╔══

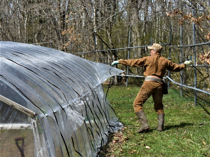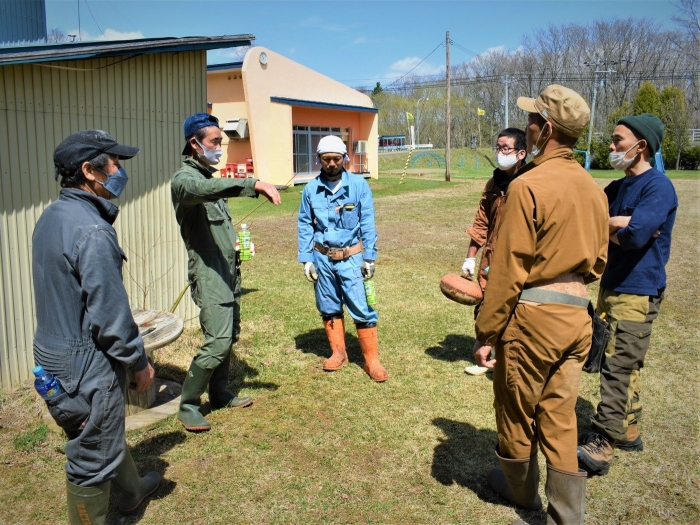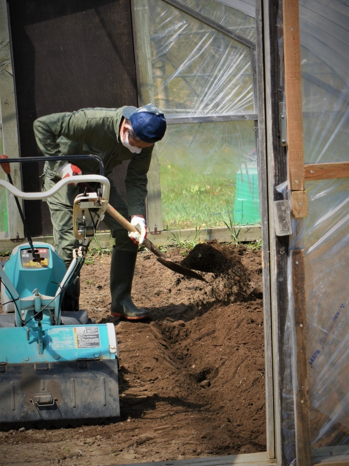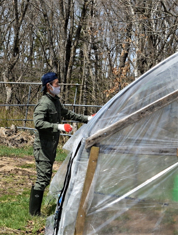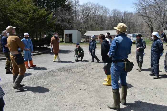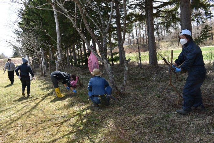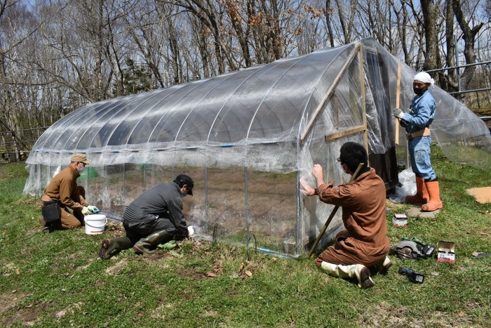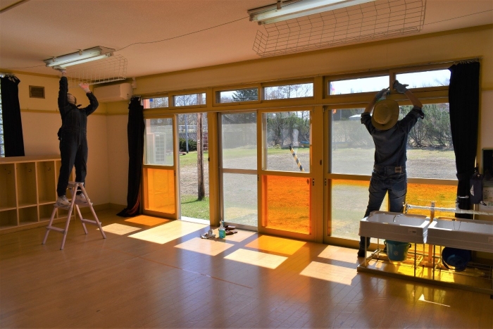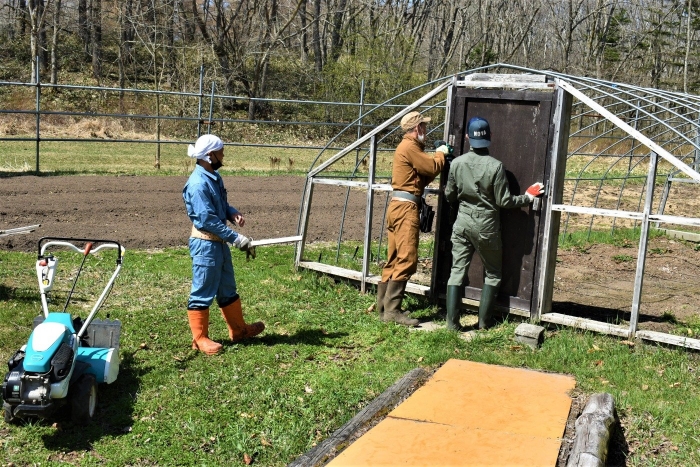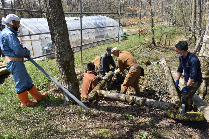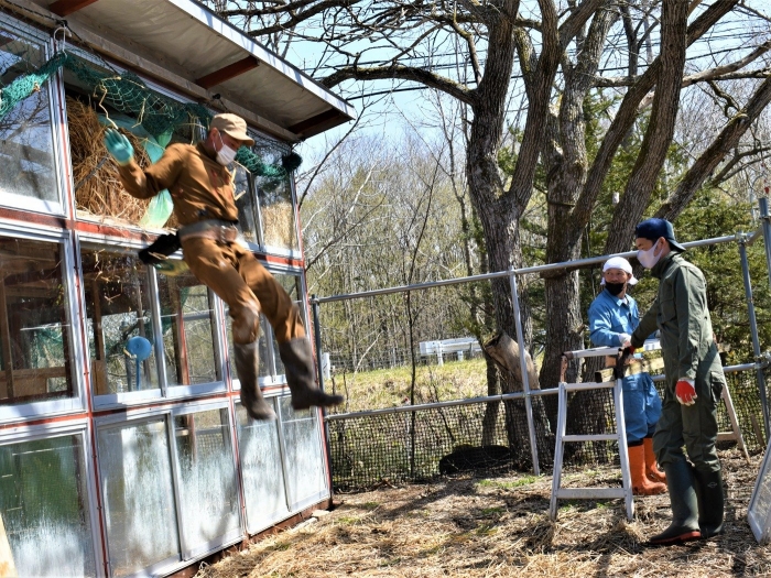 定時より早めに来園して下さる方も多く,今年度は取り止めにしていた園舎内の窓・蛍光管拭きを自主的に行って下さるお母様方の姿が…。その後,わくわくジャングルやグランドの枝拾いも行っていただきました。お父様方には,動物小屋の破損扉・窓取り換え,牧草ロール搬入,外網設置,ハウスのビニール取付,土起こし,わくわくジャングルの渡り網撤去を行っていただきました。老朽化した園環境を蘇らせていただいたり,活動がスタートできるように整備していただけたことで,より安心,安全,のびのびと保育を行うことができます。心より御礼申し上げます。
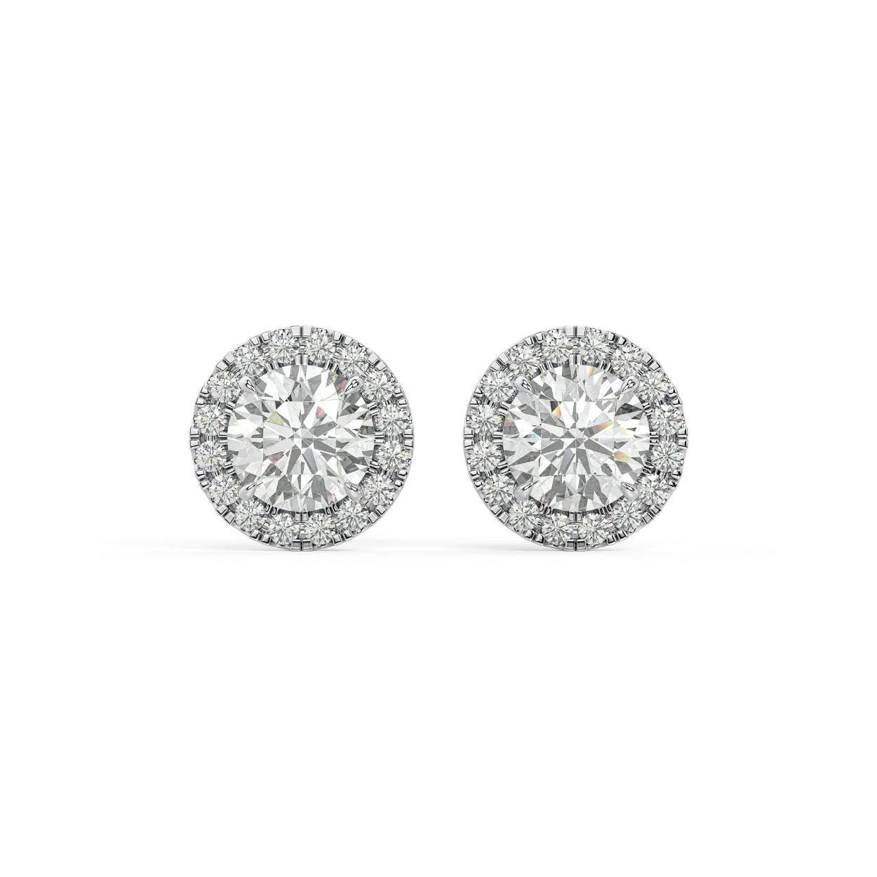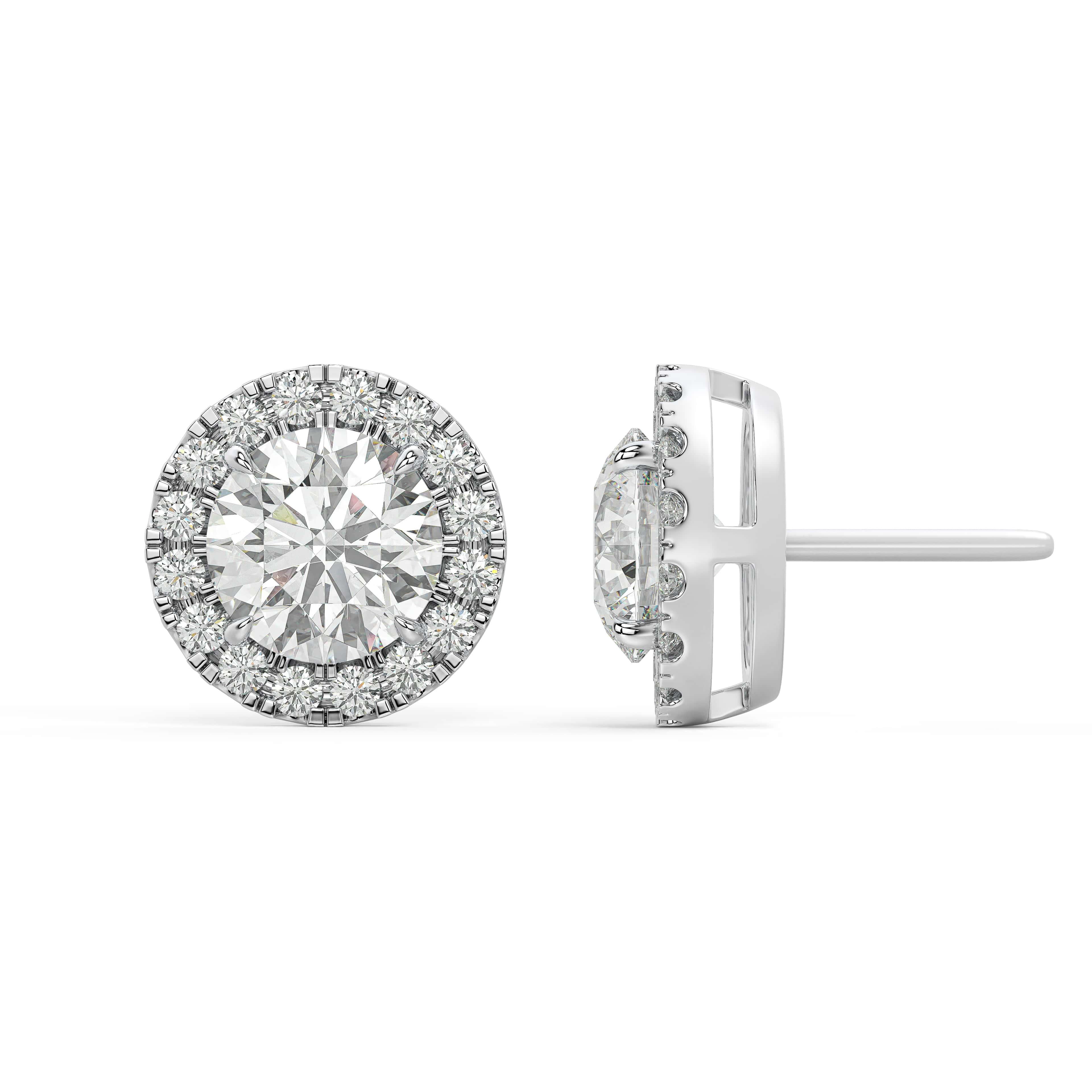 A circle of light — radiant, refined, and beautifully expressive. The Round Halo Studs celebrate the timeless brilliance of the round cut, surrounded by a luminous frame of diamonds that amplifies its fire. At the center, the round diamond gathers light with perfect symmetry, while the halo enhances its glow in a seamless cascade of sparkle.
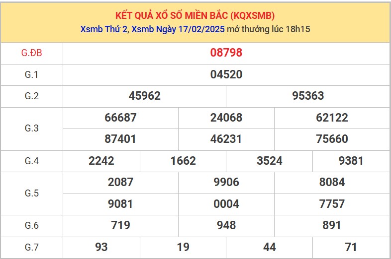 Cùng đi xem lại bảng thống kê KQXSMB mở thưởng trước đó để giúp bạn tự tin hơn khi lựa chọn các con số cho dàn số miền Bắc 18/2/2025.
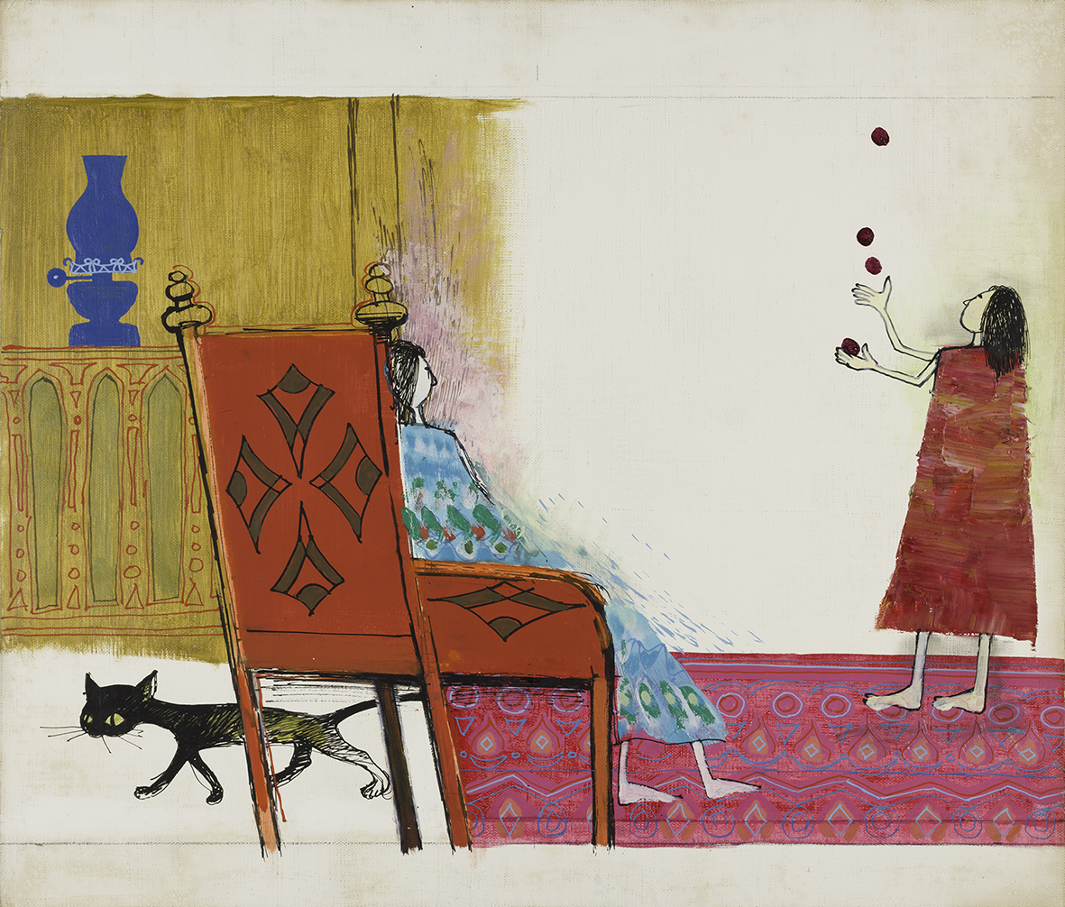 2.正⽥壤(1928-2016)太⽥市⽴新⽥図書館蔵、『まっかっかなむすめがまどからのぞいている』絵本原画 1973年、油彩、カンヴァス 53.0×45.5cm
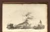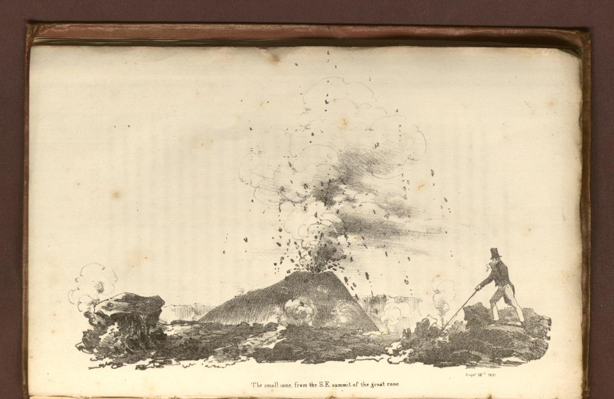 John Auldjo, the artist himself, stands on the far right of the image, poking the lava with a cane and holding a cloth over his mouth. In the background, the eruption of Vesuvius’ small cone, Monte Somma, blasts small bits of lava into the air; these fragments land near Auldjo. Palo, the highest point of Mount Vesuvius, is not shown in the image. An extensive jumble of what appear to be lava flows, hardened sediment, and rocks take up the foreground of the image.3John Auldjo, the artist himself, stands on the far right of the image, poking the lava with a cane and holding a cloth over his mouth. In the background, the eruption of Vesuvius’ small cone, Monte Somma, blasts small bits of lava into the air; these fragments land near Auldjo. Palo, the highest point of Mount Vesuvius, is not shown in the image. An extensive jumble of what appear to be lava flows, hardened sediment, and rocks take up the foreground of the image.

╚══

No pictures belong in the copy. Transcribe every entry exactly.

## Result of the exercise
 定時より早めに来園して下さる方も多く,今年度は取り止めにしていた園舎内の窓・蛍光管拭きを自主的に行って下さるお母様方の姿が…。その後,わくわくジャングルやグランドの枝拾いも行っていただきました。お父様方には,動物小屋の破損扉・窓取り換え,牧草ロール搬入,外網設置,ハウスのビニール取付,土起こし,わくわくジャングルの渡り網撤去を行っていただきました。老朽化した園環境を蘇らせていただいたり,活動がスタートできるように整備していただけたことで,より安心,安全,のびのびと保育を行うことができます。心より御礼申し上げます。
 A circle of light — radiant, refined, and beautifully expressive. The Round Halo Studs celebrate the timeless brilliance of the round cut, surrounded by a luminous frame of diamonds that amplifies its fire. At the center, the round diamond gathers light with perfect symmetry, while the halo enhances its glow in a seamless cascade of sparkle.
 Cùng đi xem lại bảng thống kê KQXSMB mở thưởng trước đó để giúp bạn tự tin hơn khi lựa chọn các con số cho dàn số miền Bắc 18/2/2025.
 2.正⽥壤(1928-2016)太⽥市⽴新⽥図書館蔵、『まっかっかなむすめがまどからのぞいている』絵本原画 1973年、油彩、カンヴァス 53.0×45.5cm
 John Auldjo, the artist himself, stands on the far right of the image, poking the lava with a cane and holding a cloth over his mouth. In the background, the eruption of Vesuvius’ small cone, Monte Somma, blasts small bits of lava into the air; these fragments land near Auldjo. Palo, the highest point of Mount Vesuvius, is not shown in the image. An extensive jumble of what appear to be lava flows, hardened sediment, and rocks take up the foreground of the image.3John Auldjo, the artist himself, stands on the far right of the image, poking the lava with a cane and holding a cloth over his mouth. In the background, the eruption of Vesuvius’ small cone, Monte Somma, blasts small bits of lava into the air; these fragments land near Auldjo. Palo, the highest point of Mount Vesuvius, is not shown in the image. An extensive jumble of what appear to be lava flows, hardened sediment, and rocks take up the foreground of the image.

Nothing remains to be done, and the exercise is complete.